2. Report statistics on how much data was backed up and how long
it took.
3. Report on the largest saveset backup(s) in terms of the amount
of data, as well as the saveset backup(s) that took the most time,
since these are not always the same.
4. Keep the report in plain ASCII format, 80 columns maximum width,
so that reports are useful even on dumb terminal displays.
See Example 2 for a sample report generated by NSS.
Problem Description
The initial implementation of NSS just took the raw information
stored in the /nsr/logs/messages log file and parsed out the needed
information. This worked at first, because I could first look for
the matching lines that signified the start of a savegroup report,
and then look for the matching end of the report. Then some post-processing
would be done on the data to make it more presentable.

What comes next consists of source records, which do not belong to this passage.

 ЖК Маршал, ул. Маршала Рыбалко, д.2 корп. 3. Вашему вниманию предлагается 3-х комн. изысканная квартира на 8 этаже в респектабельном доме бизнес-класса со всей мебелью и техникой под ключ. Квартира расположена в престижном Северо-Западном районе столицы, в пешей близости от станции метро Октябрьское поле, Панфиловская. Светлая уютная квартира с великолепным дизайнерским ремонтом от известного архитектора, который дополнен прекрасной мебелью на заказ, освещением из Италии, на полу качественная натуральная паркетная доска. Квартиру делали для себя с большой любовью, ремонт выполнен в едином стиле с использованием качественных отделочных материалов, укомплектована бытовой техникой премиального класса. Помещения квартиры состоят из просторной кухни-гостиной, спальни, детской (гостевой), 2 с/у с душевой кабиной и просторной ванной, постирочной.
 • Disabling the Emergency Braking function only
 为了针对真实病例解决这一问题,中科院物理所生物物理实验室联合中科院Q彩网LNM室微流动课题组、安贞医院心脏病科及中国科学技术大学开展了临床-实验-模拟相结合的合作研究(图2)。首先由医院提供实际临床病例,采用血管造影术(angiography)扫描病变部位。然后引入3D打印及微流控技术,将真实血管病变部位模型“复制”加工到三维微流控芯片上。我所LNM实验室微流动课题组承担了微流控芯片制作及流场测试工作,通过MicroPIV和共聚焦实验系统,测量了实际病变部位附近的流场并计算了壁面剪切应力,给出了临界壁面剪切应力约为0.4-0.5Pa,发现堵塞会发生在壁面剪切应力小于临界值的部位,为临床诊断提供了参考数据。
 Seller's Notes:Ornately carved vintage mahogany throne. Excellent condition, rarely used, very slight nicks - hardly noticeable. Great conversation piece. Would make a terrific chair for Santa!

This process broke, however, when we had multiple savegroups running
at different times and with different clients that overlapped in
their start/end times. Since the messages file was just an ever-growing
file, it was impossible to tell which savegroup a line of output
belonged to without knowing lots of internal details of each savegroup.

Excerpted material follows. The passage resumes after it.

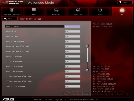 В меню Go Button File можно выставить значения всех основных параметров разгона, которые будут активированы после нажатия соответствующего переключателя на текстолите платы.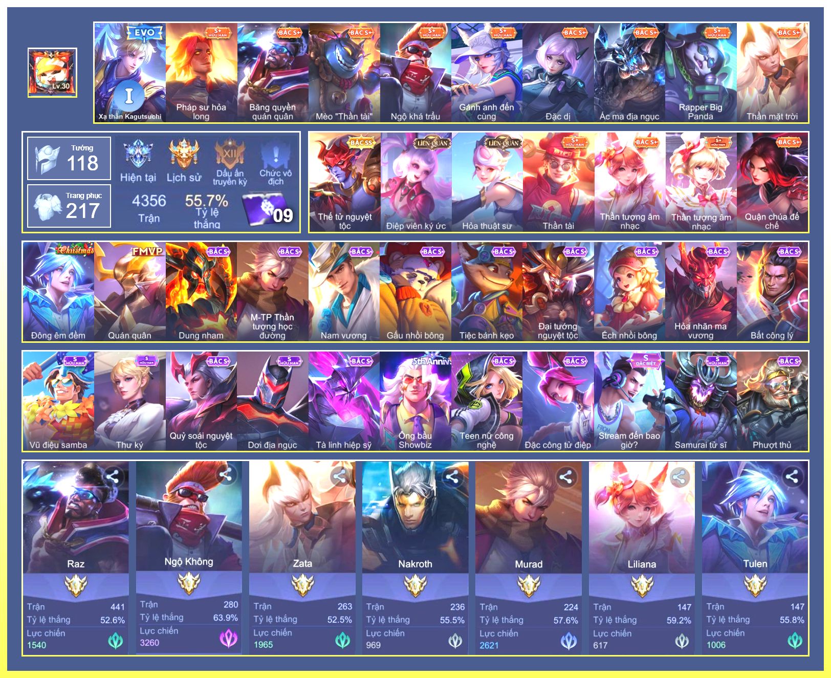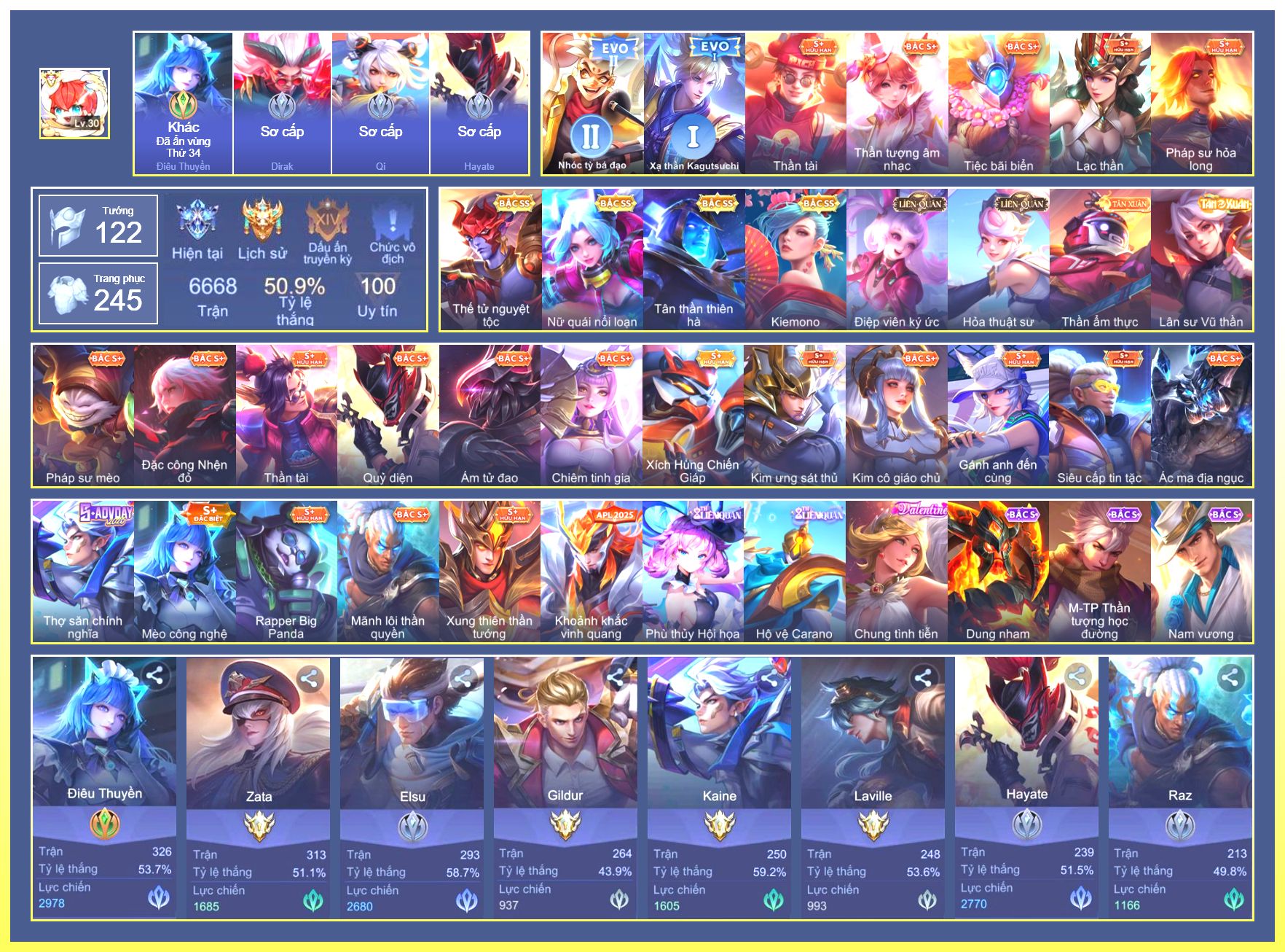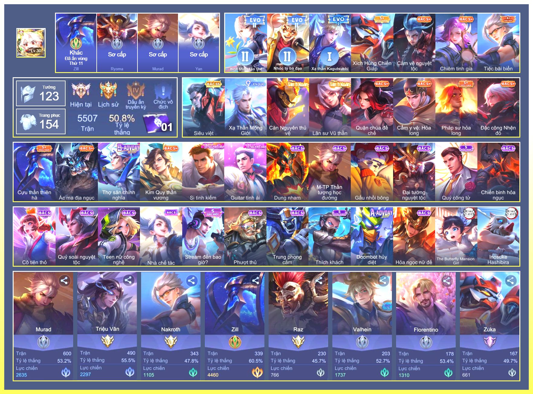Nổi bật: Rất Nhiều Skin Đẹp Vip.Ngọc 90.Dư 3 Đá Quý.Yorn Thế Tử Nguyệt Tộc.Nak Siêu Việt.Butterfly Bình Minh Tận Thế.Natalya Băng Tâm Thần Nữ.Butterfly Đông Êm Đềm...

Because I didn't want to do inquiries to NetWorker's internal database,
and because all the information I need was in the standard savegroup
notification, I wrote the savegroup notifications to a file and
ran them through NSS by hand. This was automated fairly quickly
with a procmail recipe.
Over time, NSS has been expanded with extra features, such as
a tape report to show how many tapes in each tape pool are full,
partially full, or empty. This is a useful check to ensure that
you have enough tapes for the next night's run. The limitation here
is that you must make a call to the mminfo command, which
may or may not be available on the system running the report. Another
useful feature is the ability to save easily parsed summaries of
the backups for each savegroup recording such details as:
- Start and end time
- Time taken to save
- Number of clients
- Number of failed clients
- Size of the backup in kilobytes
- Backup level
The server and savegroup names are implicit in the default directory
structure and filenames used. See the online usage of NSS for details,
and Example 3 for a sample log file.
The eventual goal is to write a plotting (nss-plot, see the resources)
program to graph the output in a nice overview format. This project,
however, has been going very slowly due to time constraints and
limitations of the various plotting tools.
Breakdown of NSS and How It Works
The first step of the script is the parsing of the various command-line
options. You can change all settings and actions from the command-line
switches, so you can embed the script inside another script if need
be.
State Machines
The core stage is to process STDIN and to scan the input for the
start and end markers that determine the savegroup report. This
is really the heart of the code, and can be thought of as a simple
finite state machine. Any good book on computer theory and programming
will describe state machines in more detail, but one definition
is:
- An initial state
- A set of possible input
- A set of new states that may result from the input
- A set of possible actions or output events that result from
a new state
This is a very useful way of thinking when you are trying to write
a program (which is just a fancy state machine) to parse a set of
data to turn it into a more useful representation. Humans are very
good at pattern matching, but as seen when trying to write a regular
expression to handle all the myriad possibilities to pull out that
one piece of data, computers are not as good at pattern recognition,
or more accurately, exception handling in pattern matching.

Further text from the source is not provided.